"Vesta Gul is a widow living in a tiny town in coastal New England. When she stumbles upon a mysterious note in the woods that says, 'Her name was Magda. Nobody will ever know who killed her. It wasn't me. Here is her body' with no dead body in sight, she sets off to solve the case. What follows is a creepy, haunting, uncomfortable story about a woman dealing with grief and how we as people determine truth. I can say with confidence I'd be really uneasy if Mrs. Gul was my neighbor. I'll just leave it at that... and make sure, if you read this book at night, you leave a night light on before you go to sleep. This is absolutely Moshfegh at her finest."
Publisher Penguin
Publication Date 2021-06-22
Section New Titles - Paperback / Fiction / All Staff Suggestions / Hannah W.
Format Paperback
ISBN 9781984879370
From one of our most ceaselessly provocative literary talents, a novel of haunting metaphysical suspense about an elderly widow whose life is upturned when she finds an ominous note on a walk in the woods.
While on her daily walk with her dog in a secluded woods, a woman comes across a note, handwritten and carefully pinned to the ground by stones. “Her name was Magda. Nobody will ever know who killed her. It wasn’t me. Here is her dead body.” But there is no dead body. Our narrator is deeply shaken; she has no idea what to make of this. She is new to this area, alone after the death of her husband, and she knows no one.
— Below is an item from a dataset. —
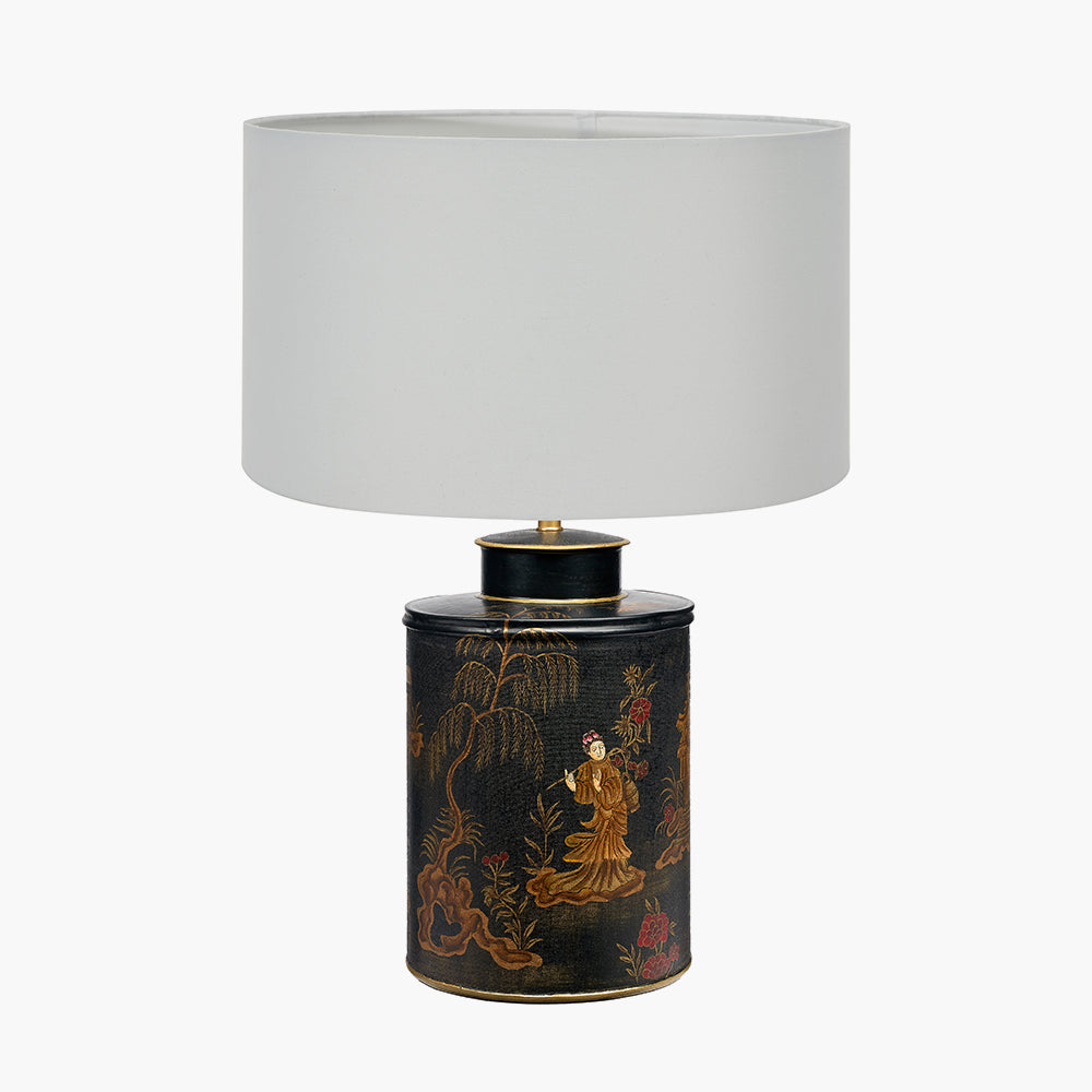 This beautiful lacquered iron lamp base in antique black with a stunning landscape theme is a true work of art. The design features an incredibly intricate illustration, all of which is painted free-hand by artists in India, and finished in a rich colour palette, creating a fascinating, awe-inspiring piece. The metal table lamp base has been teamed with a modern cotton mix cylinder lamp shade in an ivory hue to complete the look.
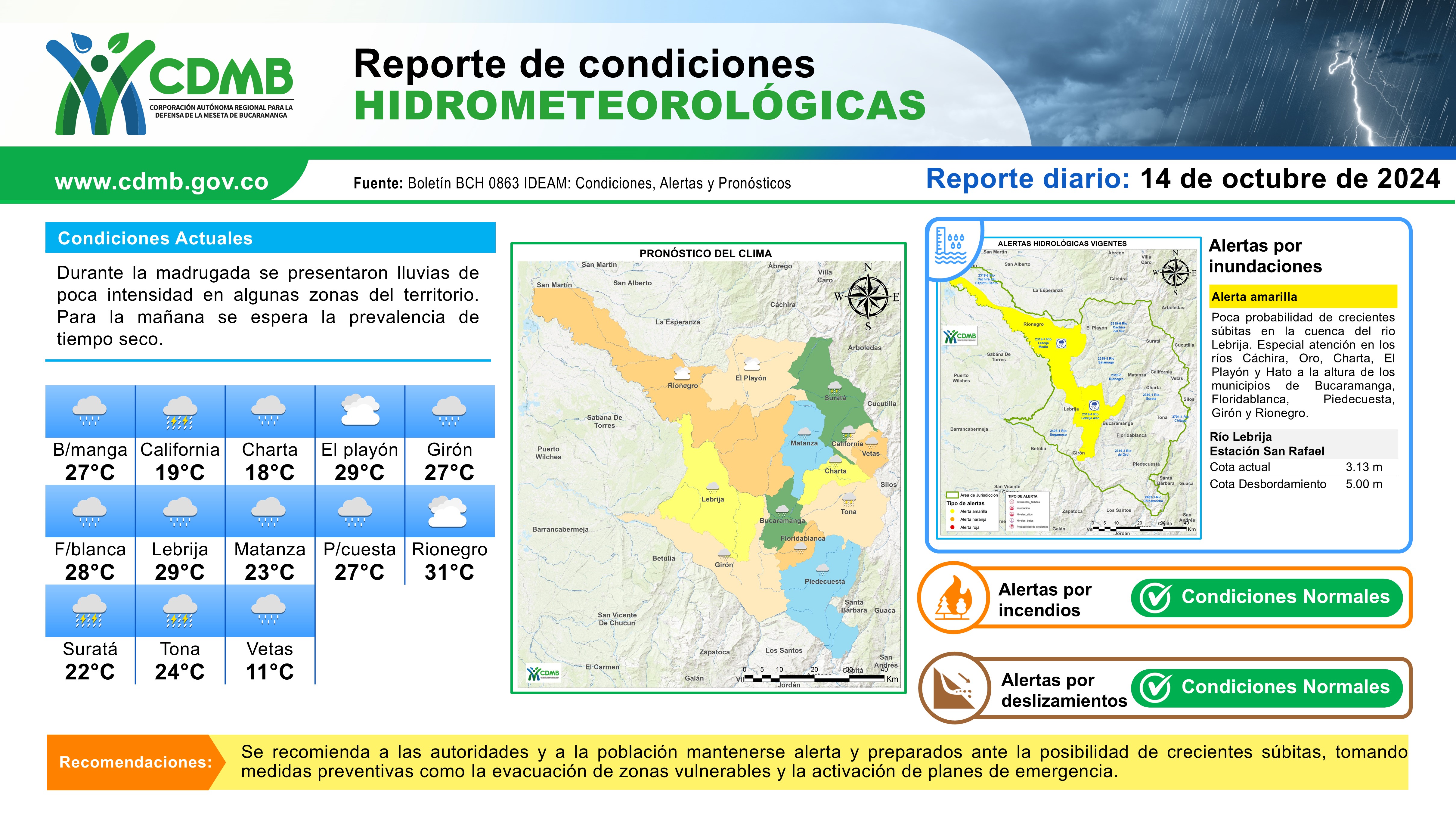 Reporte Alertas Hidrometeorológicas 14 de octubre

Becoming obsessed with solving this mystery, our narrator imagines who Magda was and how she met her fate. With very little to go on, she invents a list of murder suspects and possible motives for the crime. Oddly, her suppositions begin to find correspondences in the real world, and with mounting excitement and dread, the fog of mystery starts to fade into menacing certainty. As her investigation widens, strange dissonances accrue, perhaps associated with the darkness in her own past; we must face the prospect that there is either an innocent explanation for all this or a much more sinister one.
A triumphant blend of horror, suspense, and pitch-black comedy, Death in Her Hands asks us to consider how the stories we tell ourselves both reflect the truth and keep us blind to it. Once again, we are in the hands of a narrator whose unreliability is well earned, and the stakes have never been higher.